The only good news in this deplorable new bullying tactic by the
federal drug cops is that if you're a property owner, your least-bad
option is fairly clear. You can honor the will of California voters,
allow the dispensary to stay and lose your property, or you can evict
the tenant and risk a costly lawsuit. You're better off taking your
chances with the lawsuit, although the DEA will not admit this. A
representative of the agency's L.A. office uses the Orwellian phrase
"these letters were merely to educate property owners," but concedes
that in fact the letters serve to weaken the legal position of landlords.

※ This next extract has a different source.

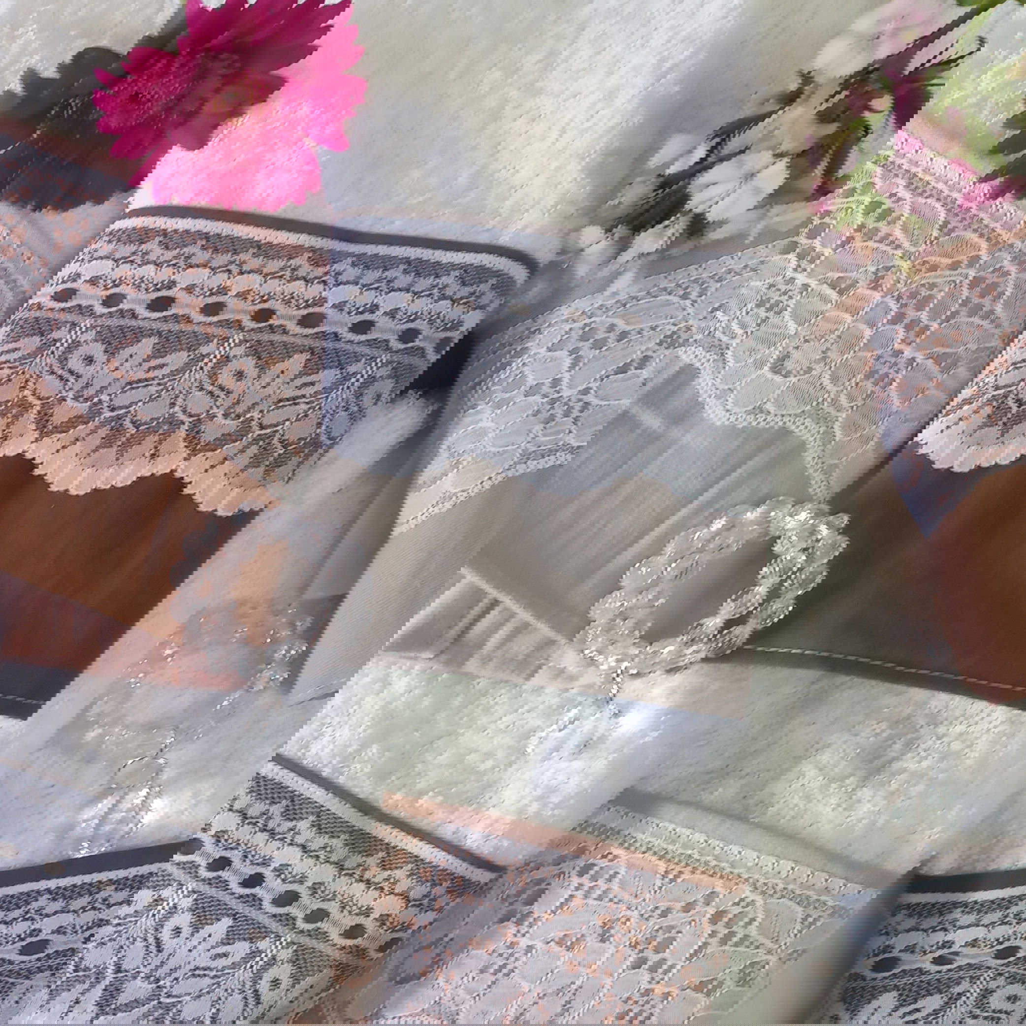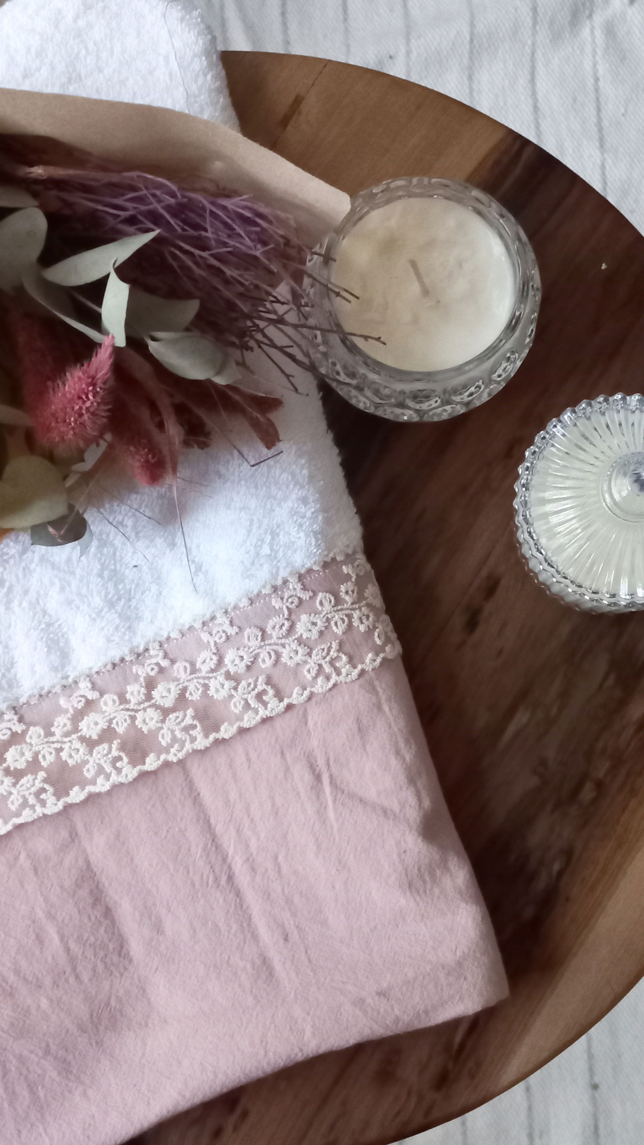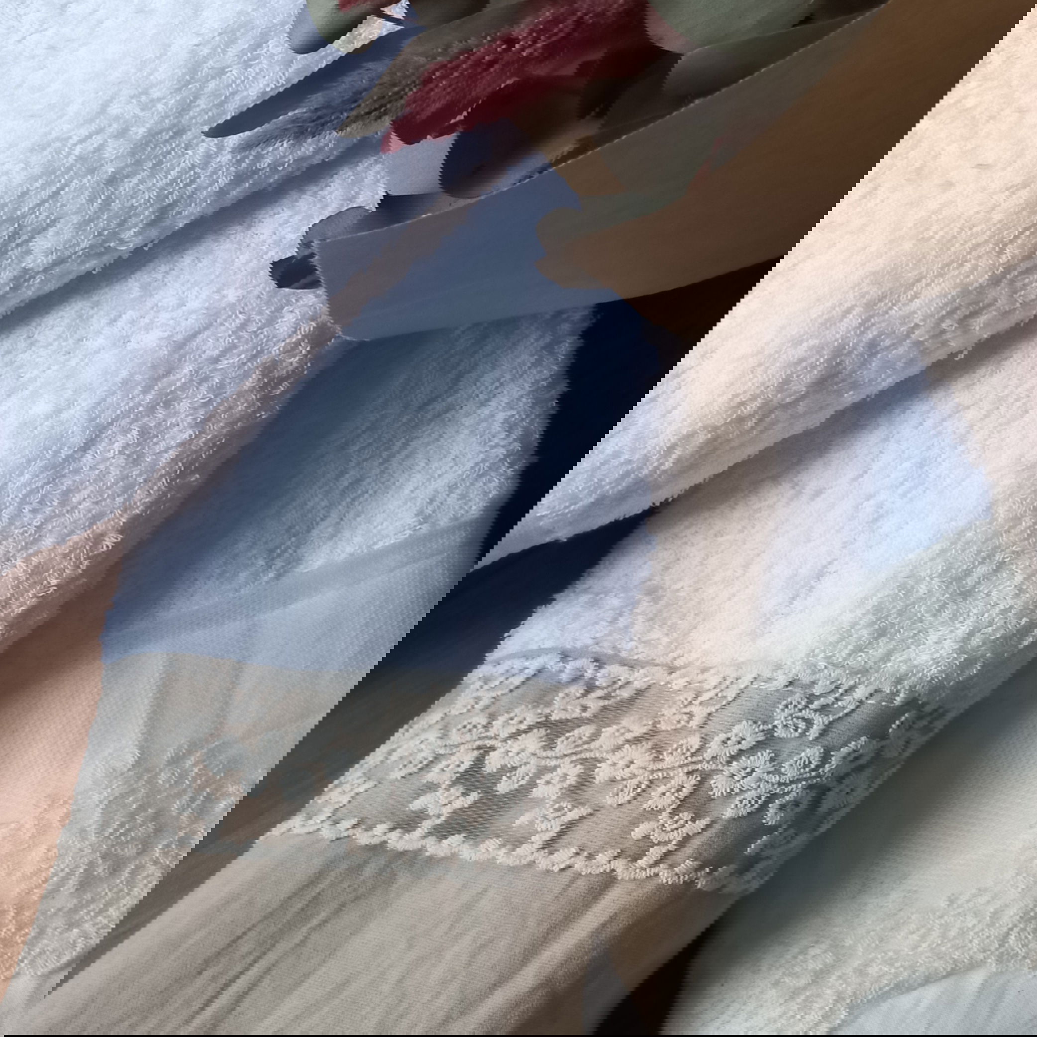 Toallas de visita con faldón en tussor y puntillas

That's because the Civil Asset Forfeiture Reform Act of 2000
specifies that landlords must have provable knowledge of drug
activities to be subject to asset forfeiture. The DEA's
letter-writing campaign establishes that paper trail, while coyly
avoiding giving property owners any advice about what to do. The
agency confirms, however, that the "long-term goal" is to get
landlords to evict dispensaries. Nor is this strictly a private
property matter; public property is at risk, as the city of West
Hollywood found out a few years ago when the DEA seized $300,000 the
city had provided to help purchase a building for a dispensary.

As they have for the last several years, Reps. Dana Rohrabacher
(R-Huntington Beach) and Maurice D. Hinchey (D-N.Y.) are sponsoring
an amendment that would kill funding for federal efforts to preempt
state medical marijuana initiatives, and although Congress should in
general avoid this kind of procedural finagling, it would at least
halt the DEA's efforts to thwart the will of voters and legislatures
in 12 states. And if the DEA refuses to listen, Congress should
consider doing away with civil asset forfeiture altogether.